Последнее «долго и счастливо» - Соман Чайнани
Шрифт:
Интервал:
Закладка:
Как только туман начал превращаться в шоколад, Агата поняла, что ее время пришло.
Она пряталась у входа на мост, чувствуя себя неуклюжей в непривычном мальчишеском теле, внимательно поглядывая на десятерых массивных вооруженных стражников, стоявших на стенах Старой школы.
Ни один из этих стражников не был человеком. Только монстры. Тролли и огры. У Агаты сжалось сердце: как же ей пробраться мимо стражи?
А затем туман над озером начал твердеть, превращаясь в замерзшие шоколадные завитки.
Девушка удивленно обернулась и увидела в окне далекой башни Новой школы мерцание колдовского пальца Дот.
Стражники на стенах Старой школы испуганно заголосили и ринулись со смотровых площадок внутрь замка. Вскоре на постах никого не осталось.
Агата улыбнулась в своем укрытии. Что бы там ни задумала Дот в Новой школе, это дает ей шанс пробраться в Старую школу, другого не будет.
А ведь это не случайность, не совпадение.
Агата знала, что Мерлин и его агенты делают все от них зависящее, чтобы помочь ей и Тедросу справиться со своими заданиями.

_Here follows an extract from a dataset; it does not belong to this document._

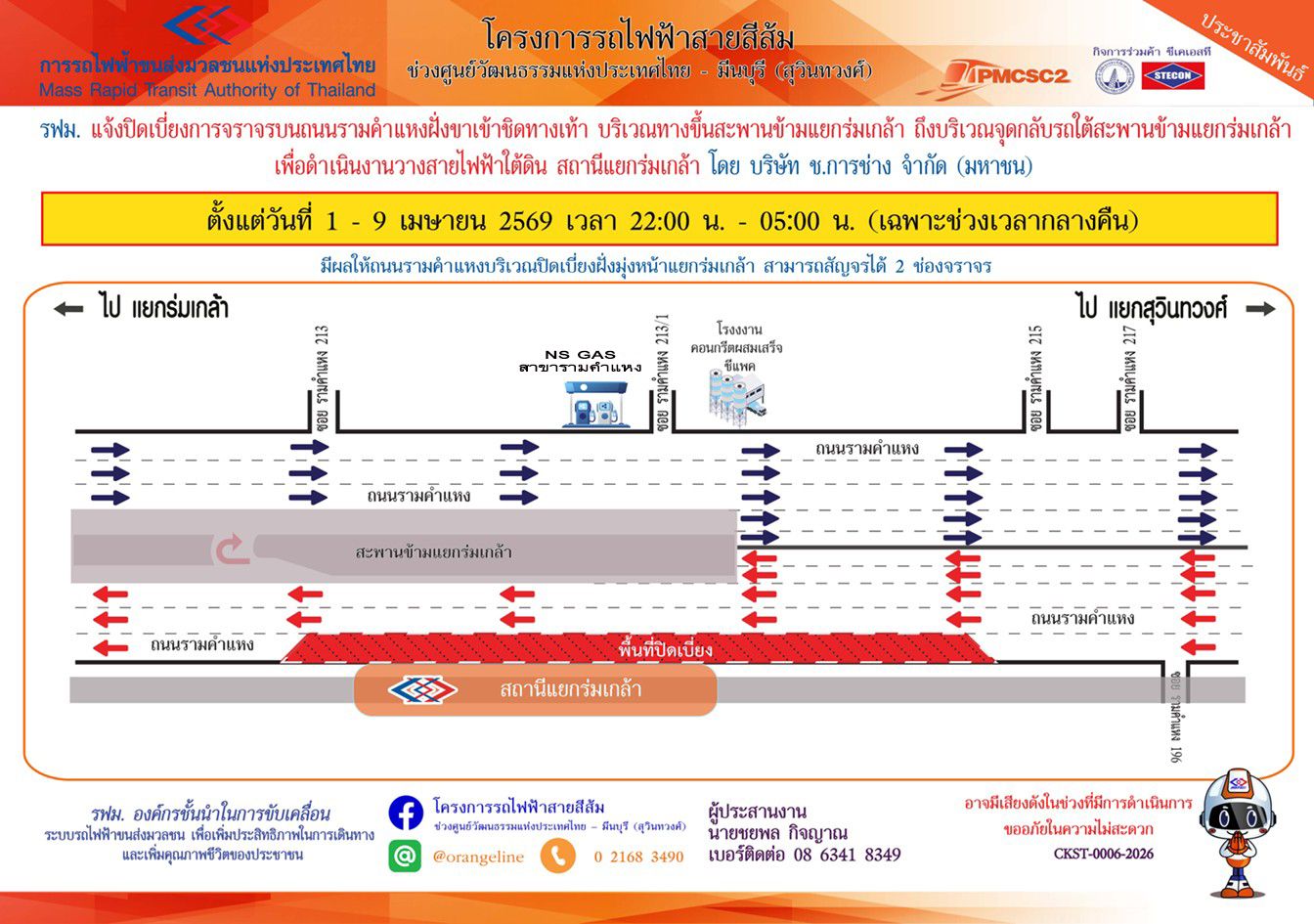 การรถไฟฟ้าขนส่งมวลชนแห่งประเทศไทย (รฟม.) แจ้งว่า บริษัท ช.การช่าง จำกัด (มหาชน) ผู้รับจ้างออกแบบและก่อสร้างงานระบบรถไฟฟ้า โครงการรถไฟฟ้าสายสีส้ม ช่วงศูนย์วัฒนธรรมแห่งประเทศไทย - มีนบุรี (สุวินทวงศ์) มีความจำเป็นต้องปิดเบี่ยงการจราจรบนถนนรามคำแหงฝั่งขาเข้าชิดทางเท้า 1 ช่องจราจร บริเวณทางขึ้นสะพานข้ามแยกร่มเกล้า ถึงบริเวณจุดกลับรถใต้สะพานข้ามแยกร่มเกล้า เพื่อดำเนินงานวางสายไฟฟ้าใต้ดิน สถานี แยกร่มเกล้า ตั้งแต่วันที่ 1 - 9 เมษายน 2569 เวลา 22:00 น. – 05:00 น. (เฉพาะช่วงเวลากลางคืน)

И они сделали все что могли. Очередь за ней.
Быстро, как только позволяло ее неуклюжее тело, Агата выскочила из укрытия и бросилась через погруженный во тьму мост. Она бежала, слыша собственное тяжелое дыхание и свист ветра в ушах. Магический барьер был уже близок.
Бац! Она наткнулась на него и остановилась посередине моста, зная, как хорошо видна сейчас отовсюду ее освещенная серебристым лунным светом фигура. Стоит стражникам вернуться на свои места – и они сразу же ее обнаружат.
– Пропусти меня, – отчаянно попросила Агата, прижимая раскрытые ладони к невидимой преграде.
Преграда тут же превратилась в зеркало, в котором Агата увидела себя, причем в своем обычном девичьем теле в форме Новой школы.
– Старое со Старым, Новое с Новым! Возвращайся в свой замок прежде, чем… – проскрипело зеркало. Отражение Агаты взглянуло на нее и добавило: – Эй, да ты вовсе не отсюда! Чужак! – отражение шире раскрыло рот. – Чу…
– Да нет же, – взмолилась Агата. – Это я, Агата!
– Но я вижу перед собой какого-то паренька-заморыша с выпученными глазами, – возразило ее отражение и вновь широко открыло рот, чтобы крикнуть.
– Я докажу тебе! – воскликнула Агата, понимая, что у нее остался единственный выход. Она закрыла глаза и мысленно произнесла расколдовывающее заклинание. Ее волосы сделались гуще, вернулось привычное тело. – Вот, смотри. Это я, – улыбнулась Агата, став такой же, как ее отражение в зеркале барьера. – Так что дай мне пройти…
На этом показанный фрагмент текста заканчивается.